27 mai 2005

Rostin, le 27 mai 1916

Le capitaine Rostin écrit à son oncle, le commandant François Meurs, chef de bataillon à la retraite demeurant à Nice :

Quelle bataille ! Quelles choses atténuées sont, par comparaison, tous les combats antérieurs. C'est épique, c'est fou. Notre régiment a vu tomber son colonel et d'autres officiers et tant de poilus, mais il est à l'honneur et à la gloire. Il faut avoir vécu ces jours et ces nuits tragiques pour comprendre, pour croire. Je crois avoir rêvé un cauchemar de dément. Je me tâte, je compte mes os et je suis ébahi du miracle. Je n'ai rien fait de plus que les autres, mais j'ai beaucoup vu et beaucoup observé.
J'ai hâte de vous envoyer mon dernier carnet dont les pages les plus récentes ont été écrites dans cet élan colossal du Mort-Homme et de 304. Quelles visions ! Quels chaos ! Ma chère compagnie a été superbe d'entrain et de mordant.
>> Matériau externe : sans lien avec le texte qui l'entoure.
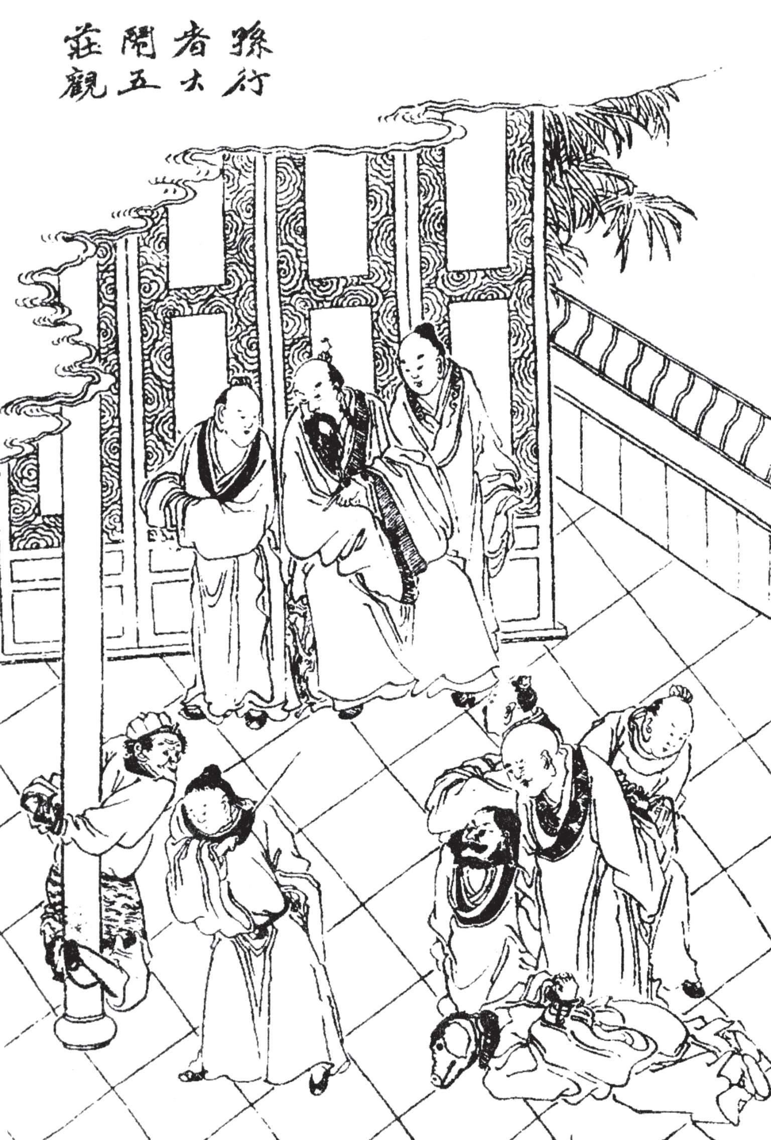 大仙驾祥云回到五庄观坐下,叫徒弟拿绳子来。众小仙在旁伺候。他从袖子里先把唐僧拿出来,绑在正殿的檐柱上,又拿出行者等三人,每一根柱上绑一个;又将马拿出来,拴在庭下,给他些草料吃;将行李扔在廊下。又说:“徒弟们,取出皮鞭来,打这和尚一顿,替我的人参果树出气!”众仙取来一条龙皮做的七星鞭,泡在水里。挑了一个有力气的小仙,拿着鞭子说:“师父,先打哪个?”大仙说:“唐三藏是师父,责任最大,先打他。”行者听了,心中暗想:“老和尚不禁打,如果一顿鞭打坏了,就是我造的业障。”他忍不住,大声说:“先生说错了。偷果子的是我,吃果子的也是我,推倒树的还是我,应该先打我。”大仙笑着说:“这泼猴说得也有理,那就先打他。”小仙问:“打多少?”大仙说:“按果子的数目,打三十鞭。”那小仙抡鞭就打。行者看他要打腿,就叫了声“变!”将两条腿都变成熟铁腿。那小仙打完了三十下,快到中午了。大仙又吩咐道:“还要打唐三藏。”行者说:“先生又错了。偷果子时,我师父不知道。就算有教训不严的过错,我是弟子,也应该替打。”大仙笑着说:“这泼猴虽然狡猾,却也有些孝心。那就还打他。”小仙又打了三十鞭。这时天快黑了,大仙说:“先把鞭子泡在水里,等明天再接着打。”小仙们收了鞭子,各自回房。吃了晚斋,都睡下了。三藏双眼垂泪,埋怨三个徒弟说:“你们闯了祸,却连累我受罪。”行者说:“先不要抱怨,打也是先打我,你又没被打。”唐僧说:“虽然没挨打,也被绑得身上疼啊。”沙僧说:“师父,这儿还有陪绑的呢。”行者说:“都不要嚷,一会儿我们就走。”好行者,把身子变小了一点,从绳索中脱身出来,解了三藏,放下八戒、沙僧,牵过马,到廊下拿了行李,带着众人出了观门。他对八戒说:“你去那崖边伐四棵柳树。”八戒有些力气,一嘴一棵,拱了四棵树,一起抱来。行者折断枝梢,和八戒一起回到观中,用绳子将树绑在柱上。大圣念动咒语,咬破舌尖,将血喷在树上,叫声:“变!”四根树干变成师徒四人,有人问也就答话。他二人赶上师父,这一夜仍旧马不停蹄地跑,天亮时,三藏困得在马上打盹。行者见了,就说:“师父怎么一夜都坚持不了?我老孙就是一千天不睡觉,也不困。先下马休息一会儿,不要让走路的人看见了笑你。”

Elle a tué beaucoup de Boches et elle a subi peu de pertes, par comparaison toujours. Je remercie le ciel, non pas de m'avoir épargné, - je suis peu de chose - mais d'avoir protégé mes adorables poilus.
"
 

Dans cette lettre, le capitaine Rostin fait référence à colonel Garnier Sous-lieutenant André (8e Cie), au sous-lieutenant Joseph (officier-adjoint au colonel) tués le 21 mai, au capitaine ROUX et au sous-lieutenant Pozzo di Borgo, tués le 23 mai 1916.